#### [Assignment]
The answer must be an exact copy of the lines from the one with "Além da passagem" to the last line of the entries below, both included, and must contain no pictures.

#### [Study material]
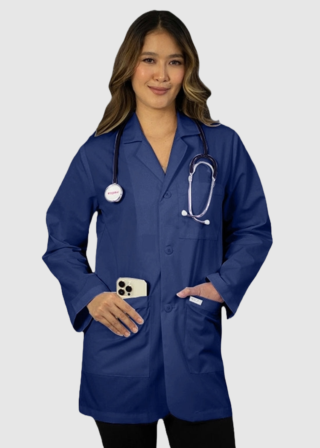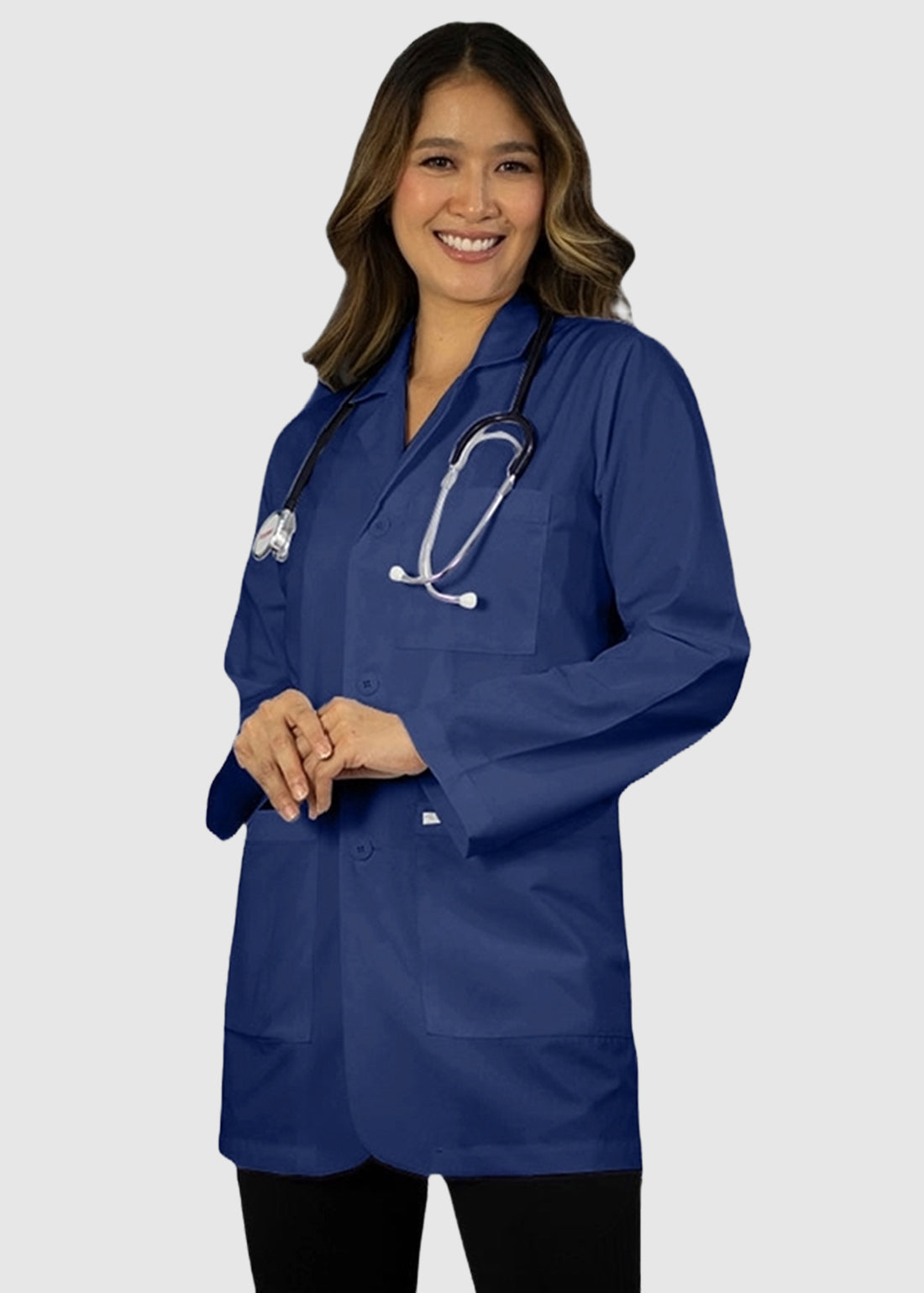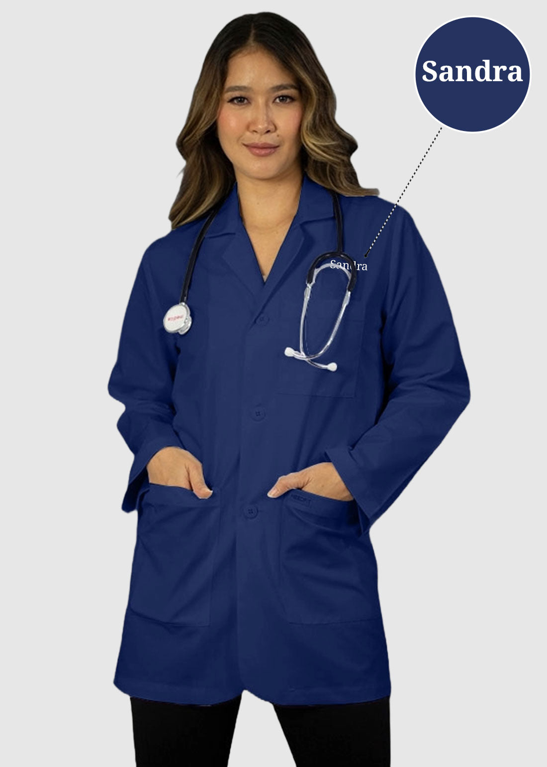Give your personality an edgy look with HeedFit Free Embroidery Unisex 31 Inches Three Pocket White Consultation Coat. Tailored as per your needs, the unisex consultation coat is crafted using the finest of fabric to keep you going through the toughest of shifts. With a modern notched lapel and three-button closure for ease of wear, and two roomy patch pockets and one breast pocket with pen holder for storage makes this lab coat a wearer’s dream.
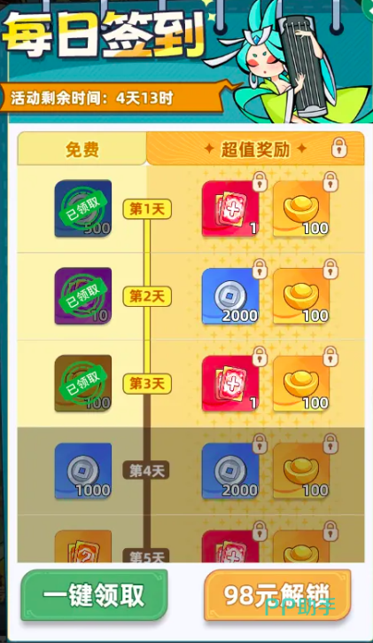 第三类值得关注的是签到类付费活动。基础签到对所有玩家开放,可积累基础资源;而付费解锁版则需98元,可直接获得5张自选红色英雄卡牌,同时附赠心愿兔。该档位资源集中度高,适合已有明确阵容规划、希望一步到位补强核心战力的中度投入玩家。
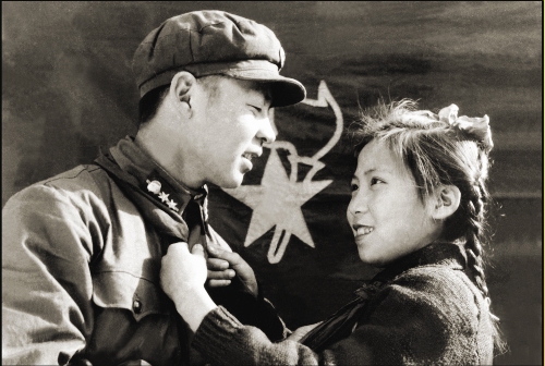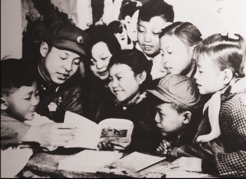 从1960年10月起,雷锋先后担任建设街小学和本溪路小学的校外辅导员,图为少先队员给雷锋戴红领巾。
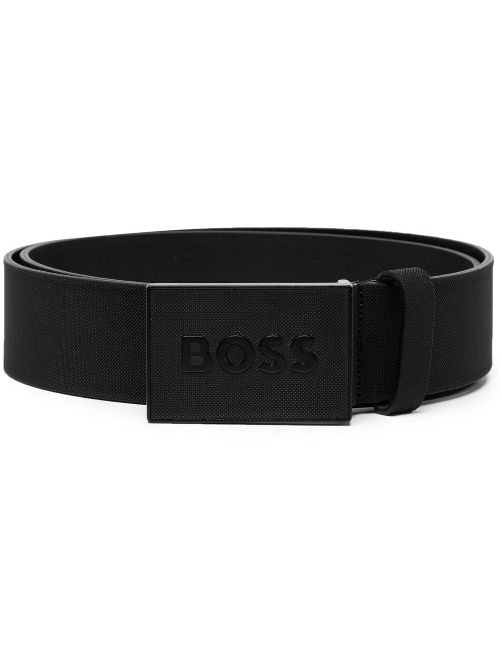 ITALIAN-LEATHER BELT WITH TEXTURED PLAQUE BUCKLE
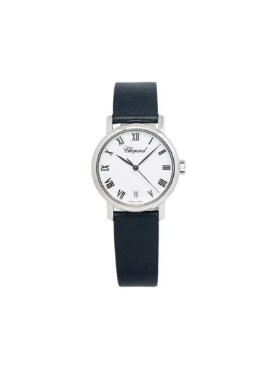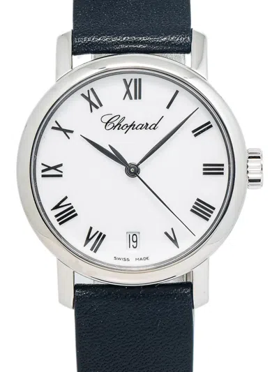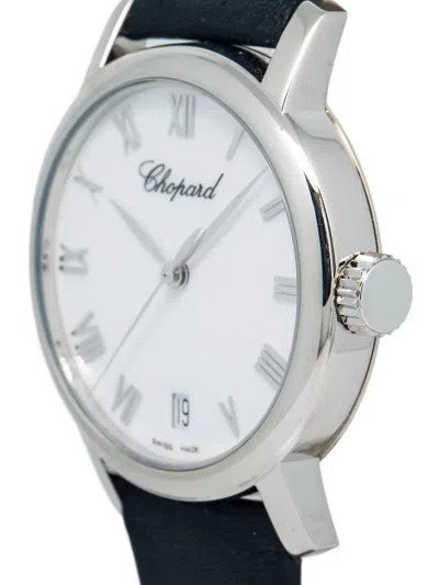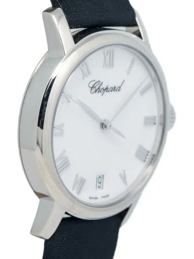 pre-owned 34mm round face white Roman numeral dial sword hands sweeping second hand 18kt white gold screw-down crown leather strap engraved case back quartz movement buckle fastening This item comes with a standard one-year warranty from the boutique.
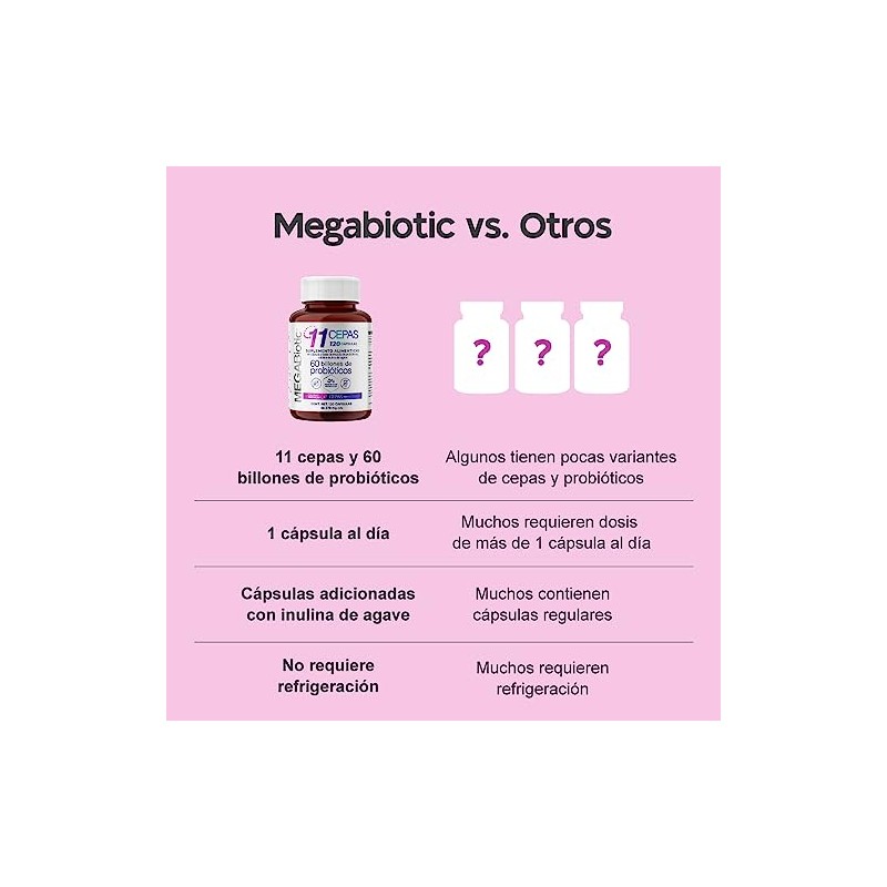 MegaBiotic - Probióticos 60 Billones y 11 Cepas e Inulina de Agave | Suplemento Alimenticio con Probióticos y Prebióticos a Base de Sábila, B. Lactis y L. Rhamnosus | Cont. 120 caps., MegaBiotic. ✅ Diseño innovador que supera las expectativas. Tecnología avanzada y rendimiento superior. 📦 Entrega rápida y segura. Ideal para quienes buscan lo mejor en calidad y estilo. Producto auténtico con satisfacción total asegurada. ¡No te quedes sin el tuyo y aprovecha esta oportunidad única!
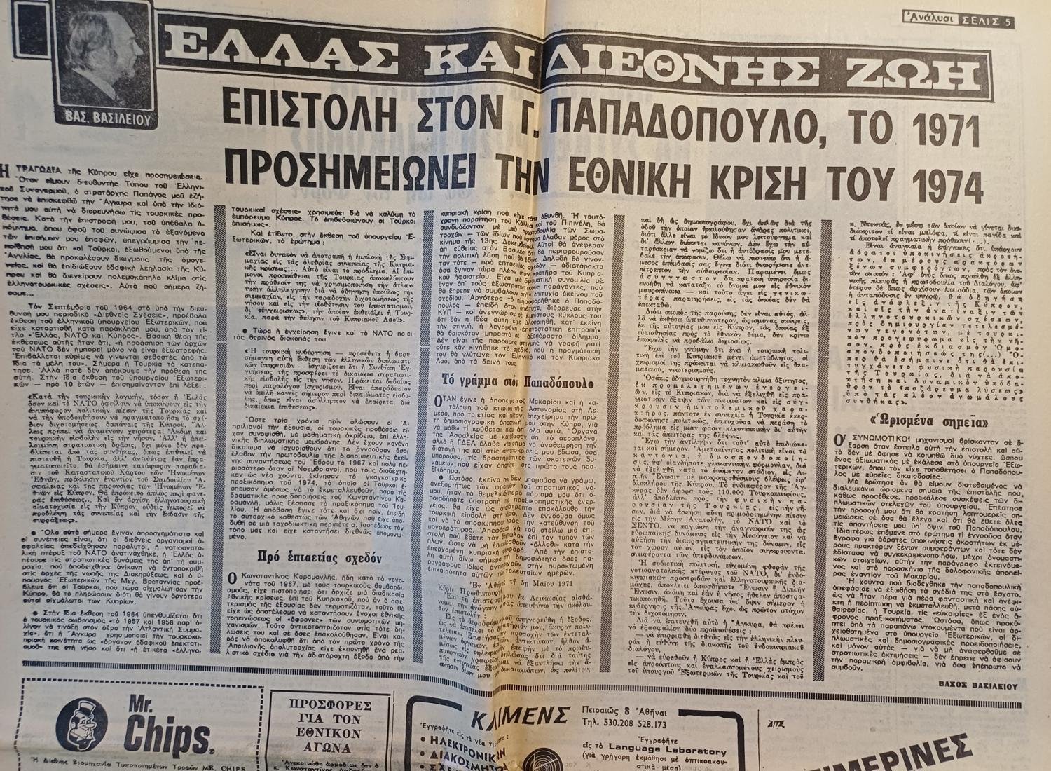 Εφημερίδα “Η ΒΡΑΔΥΝΗ” 19/12/1974
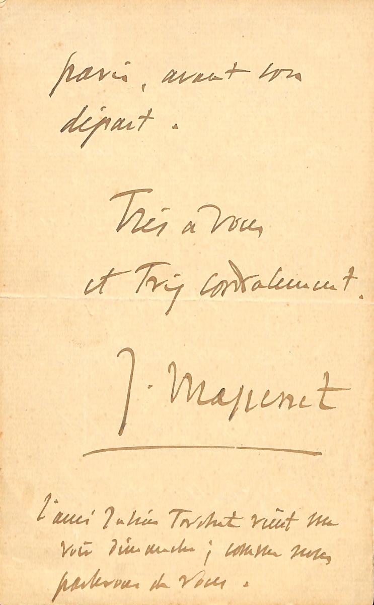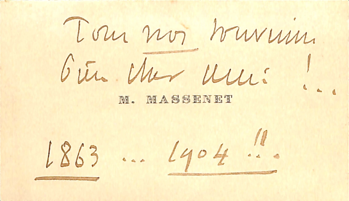 Joint une carte de visite, datée de 1904 avec mentions manuscrites de Massenet.
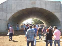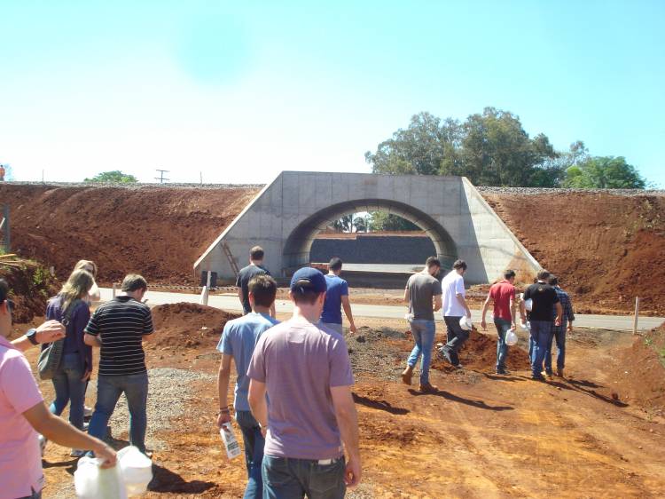 Além da passagem inferior e da pavimentação os alunos puderam acompanhar a execução de serviços complementares como a drenagem pluvial e os muros de contenção de gabiões, tipo de gaiola preenchida com pedras.
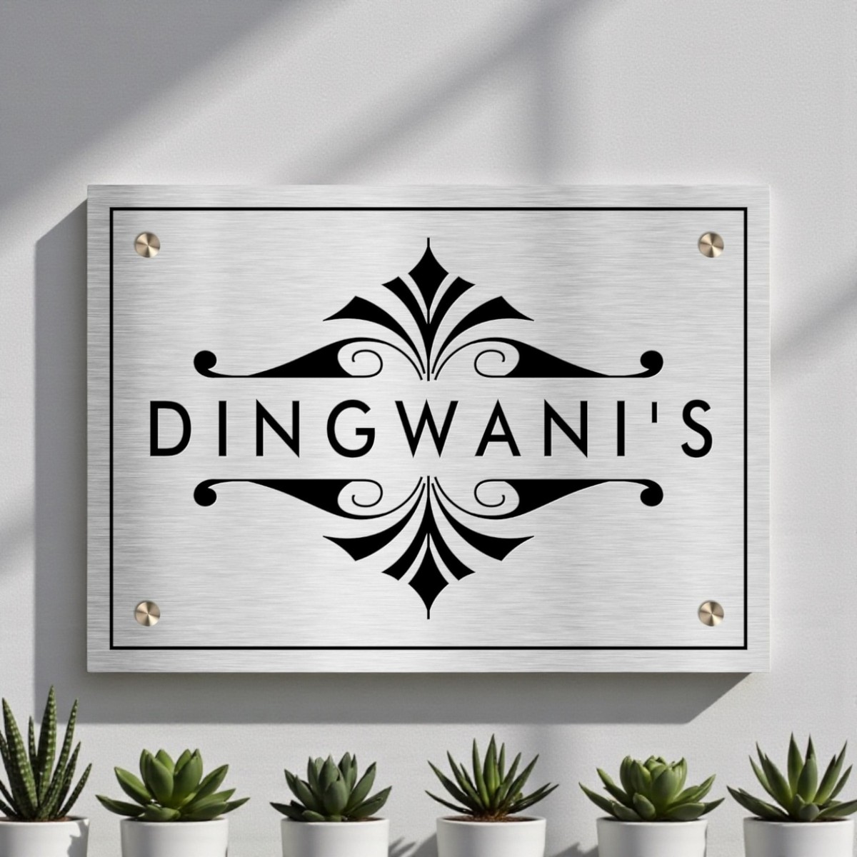 Enhance your home’s first impression with this Premium Customized Stainless Steel Letters Etched Nameplate, exclusively designed for the Dingwanis family. Crafted using advanced etching technology, this nameplate delivers a bold yet refined look that complements modern architecture.
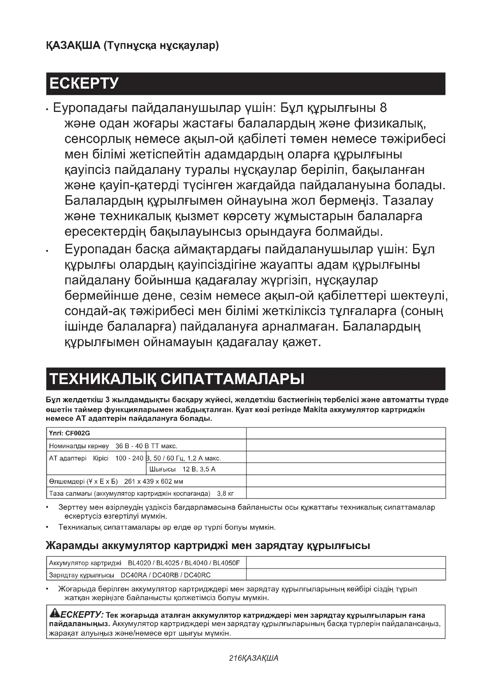 ПАЙДАЛАНУШЫ НҰСҚАУЛЫҒЫ CF002GZ MAKITA

#### [Output for this task]
 Além da passagem inferior e da pavimentação os alunos puderam acompanhar a execução de serviços complementares como a drenagem pluvial e os muros de contenção de gabiões, tipo de gaiola preenchida com pedras.
 Enhance your home’s first impression with this Premium Customized Stainless Steel Letters Etched Nameplate, exclusively designed for the Dingwanis family. Crafted using advanced etching technology, this nameplate delivers a bold yet refined look that complements modern architecture.
 ПАЙДАЛАНУШЫ НҰСҚАУЛЫҒЫ CF002GZ MAKITA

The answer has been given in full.